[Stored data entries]
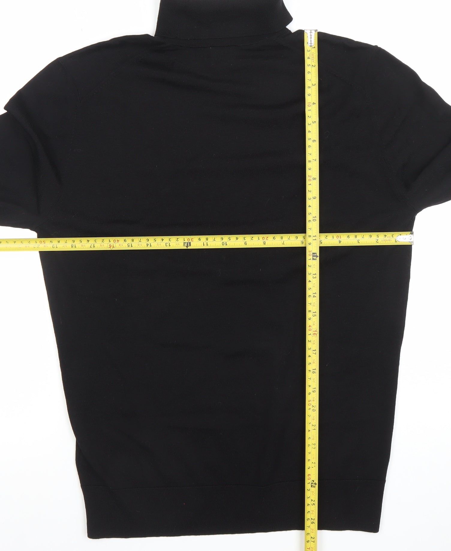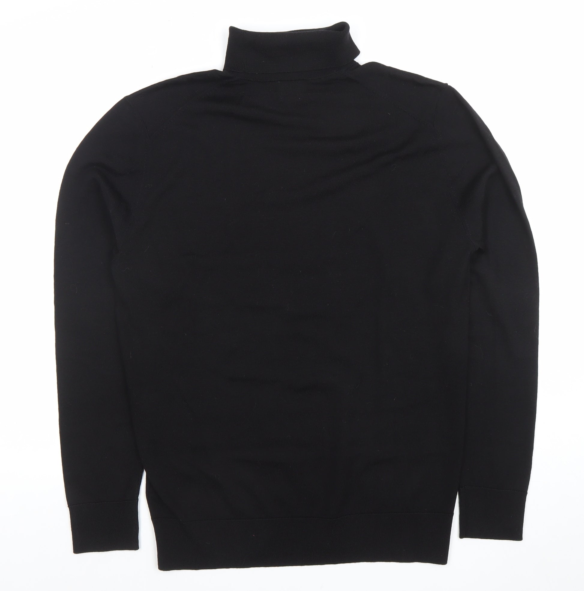 Men Black Wool Roll Neck Jumper M Slim Fit Knit Pullover
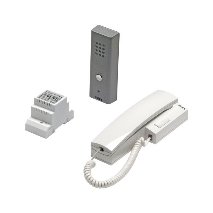This compact audio entry kit includes all components required for a single-entrance installation using Videx slim line panels.
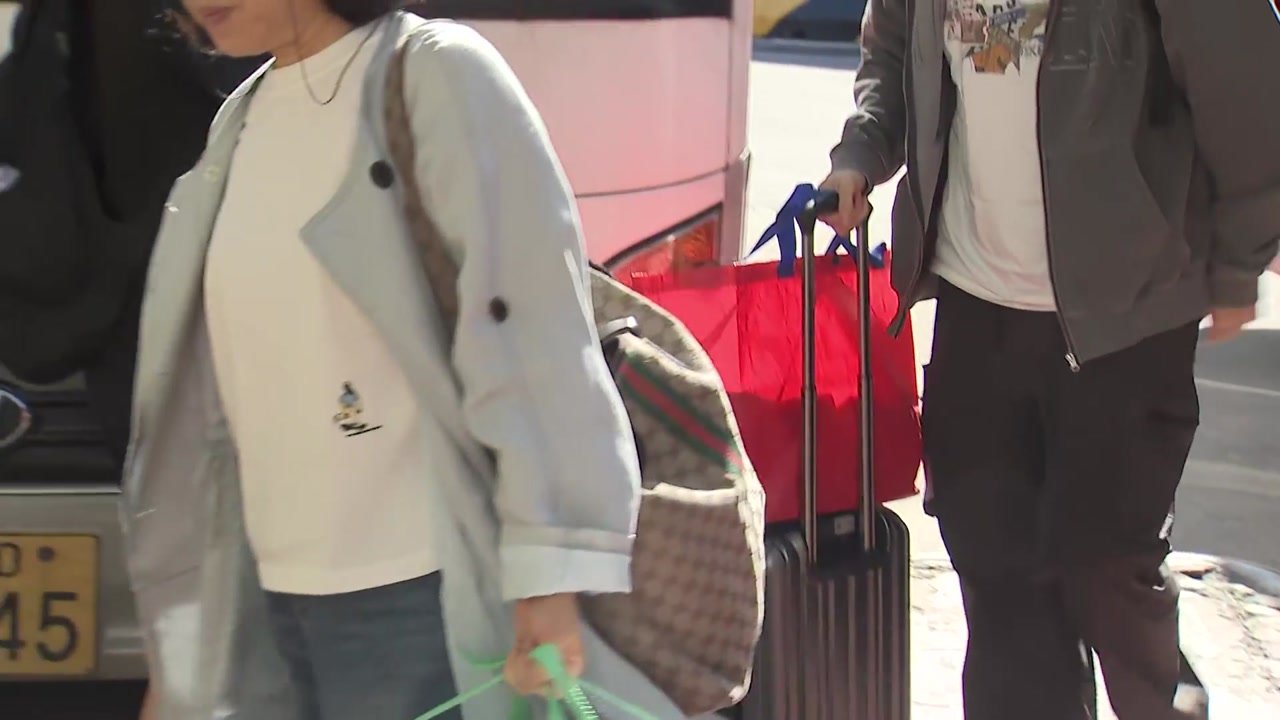 대부분 가벼운 차림에 여행 가방을 들고 택시나 지하철로 향하고 있습니다.
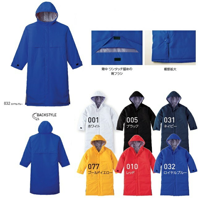 ■ロング中綿コート【S〜LL】 雨や風、そして寒さから身を守るロング丈、裾スリット入りで動きやすさも兼ね備え、軽い中綿を使用したロングコート。 寒い季節の屋外競技のベンチウォーマーやチームコートとしてご利用頂いてます。 キッズ・ジュニアサイズから展開してますので、スポーツ少年団などジュニアチームで揃えることも出来ます。 ※ベンチレーション有り ※フード有り(取り外し不可) ※ポケット有り(サイド+内側) ※サイドスリット有り ※フード調節ひも有り ※フードひも通し穴有り 【オリジナルプリント・刺繍対応商品】 プリント加工・刺しゅう加工ともに追加料金が発生します。 ※ご注意ください お客様ご注文時に追加料金分は自動決済にはなりません。 当店確認時に追加請求させていただきますので予めご了承ください。 メールにて金額変更のご連絡を差し上げますので必ずご確認ください。 (通常のお届け+1週間程お時間がかかります) ・ネーム加工:小/ ¥880 - (刺繍¥990-) (税込) ・ネーム加工:大/ ¥1,320 - (刺繍¥1,820-) (税込) プリント加工は「高熱圧着」となります。 通常のお洗濯では問題ありませんが、乾燥機使用不可です。 乾燥機使用をされる場合は刺しゅう加工をおすすめいたします。 〔素材〕 ・表地:ナイロン100% ・中綿:ポリエステル100% ・裏地:ポリエステル100% 〔サイズ〕S ・M ・L ・LL ■キッズ・ジュニアサイズ(110〜150) 〔カラー〕ネイビー・ブラック
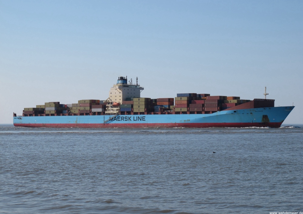 Containerschiff elbaufwärts in Höhe Glameyer Stack am 24.04.2011
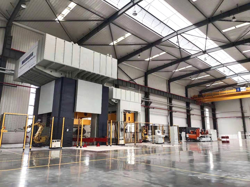 重庆江东机械有限责任公司是集液压机、轻量化成形技术、轻量化零部件、冷热冲压模具、金属铸件等研发、生产、销售和服务于一体的综合性锻压装备和零部件制造企业。其中,公司研发液压机及生产线具有先进的自动化、智能化、柔性化,同时,江东机械能够为客户提供各种金属及非金属液压成形成套装备及成形技术一体化整体解决方案,尤其在汽车轻量化零部件精密成形技术和全自动成套成线装备研发领域,形成核心关键技术和竞争优势。公司目前能够设计生产30个系列,500余个品种液压机以及生产线成套自动装备,产品规格从50吨—10000吨,广泛应用于航空航天、新能源、汽车制造、军工装备、船舶运输、轨道交通、石油化工、轻工家电、新材料等领域。1.超高强钢(铝)高速热冲压生产线
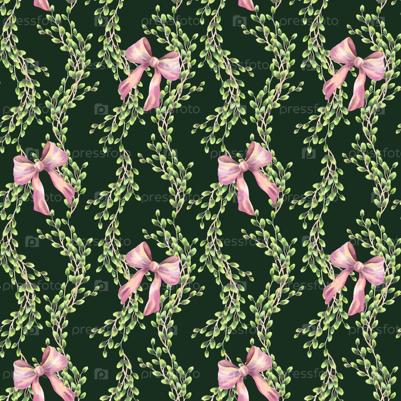 Бесшовный акварельный рисунок вертикальных рядов ветвей ивы с луками на зеленом фоне. для ткани, обоев, упаковочной бумаги, поздравительных открыток, дизайна, декора и иллюстрации
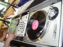 - Mixage : les disques sont synchronisés manuellement à l'aide des réglages de vitesse des platines et sont mélangés avec diverses variations, portant notamment sur les égalisations (niveau des fréquences graves, médium et aiguës), ainsi que sur l'utilisation des faders et crossfaders.
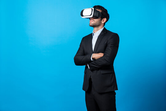 Business man looking data analysis by using VR glasses. Project manager checking business strategy by enter in metaverse or virtual reality world while wearing suit at white background. Deviation.
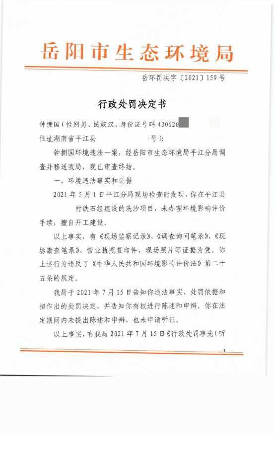 钟拥国159号行政处罚决定书

» **Goal of the exercise**
When you transcribe the lines above, keep every word exact but leave the pictures behind.

» **Written response**
 Men Black Wool Roll Neck Jumper M Slim Fit Knit Pullover
This compact audio entry kit includes all components required for a single-entrance installation using Videx slim line panels.
 대부분 가벼운 차림에 여행 가방을 들고 택시나 지하철로 향하고 있습니다.
 ■ロング中綿コート【S〜LL】 雨や風、そして寒さから身を守るロング丈、裾スリット入りで動きやすさも兼ね備え、軽い中綿を使用したロングコート。 寒い季節の屋外競技のベンチウォーマーやチームコートとしてご利用頂いてます。 キッズ・ジュニアサイズから展開してますので、スポーツ少年団などジュニアチームで揃えることも出来ます。 ※ベンチレーション有り ※フード有り(取り外し不可) ※ポケット有り(サイド+内側) ※サイドスリット有り ※フード調節ひも有り ※フードひも通し穴有り 【オリジナルプリント・刺繍対応商品】 プリント加工・刺しゅう加工ともに追加料金が発生します。 ※ご注意ください お客様ご注文時に追加料金分は自動決済にはなりません。 当店確認時に追加請求させていただきますので予めご了承ください。 メールにて金額変更のご連絡を差し上げますので必ずご確認ください。 (通常のお届け+1週間程お時間がかかります) ・ネーム加工:小/ ¥880 - (刺繍¥990-) (税込) ・ネーム加工:大/ ¥1,320 - (刺繍¥1,820-) (税込) プリント加工は「高熱圧着」となります。 通常のお洗濯では問題ありませんが、乾燥機使用不可です。 乾燥機使用をされる場合は刺しゅう加工をおすすめいたします。 〔素材〕 ・表地:ナイロン100% ・中綿:ポリエステル100% ・裏地:ポリエステル100% 〔サイズ〕S ・M ・L ・LL ■キッズ・ジュニアサイズ(110〜150) 〔カラー〕ネイビー・ブラック
 Containerschiff elbaufwärts in Höhe Glameyer Stack am 24.04.2011
 重庆江东机械有限责任公司是集液压机、轻量化成形技术、轻量化零部件、冷热冲压模具、金属铸件等研发、生产、销售和服务于一体的综合性锻压装备和零部件制造企业。其中,公司研发液压机及生产线具有先进的自动化、智能化、柔性化,同时,江东机械能够为客户提供各种金属及非金属液压成形成套装备及成形技术一体化整体解决方案,尤其在汽车轻量化零部件精密成形技术和全自动成套成线装备研发领域,形成核心关键技术和竞争优势。公司目前能够设计生产30个系列,500余个品种液压机以及生产线成套自动装备,产品规格从50吨—10000吨,广泛应用于航空航天、新能源、汽车制造、军工装备、船舶运输、轨道交通、石油化工、轻工家电、新材料等领域。1.超高强钢(铝)高速热冲压生产线
 Бесшовный акварельный рисунок вертикальных рядов ветвей ивы с луками на зеленом фоне. для ткани, обоев, упаковочной бумаги, поздравительных открыток, дизайна, декора и иллюстрации
 - Mixage : les disques sont synchronisés manuellement à l'aide des réglages de vitesse des platines et sont mélangés avec diverses variations, portant notamment sur les égalisations (niveau des fréquences graves, médium et aiguës), ainsi que sur l'utilisation des faders et crossfaders.
 Business man looking data analysis by using VR glasses. Project manager checking business strategy by enter in metaverse or virtual reality world while wearing suit at white background. Deviation.
 钟拥国159号行政处罚决定书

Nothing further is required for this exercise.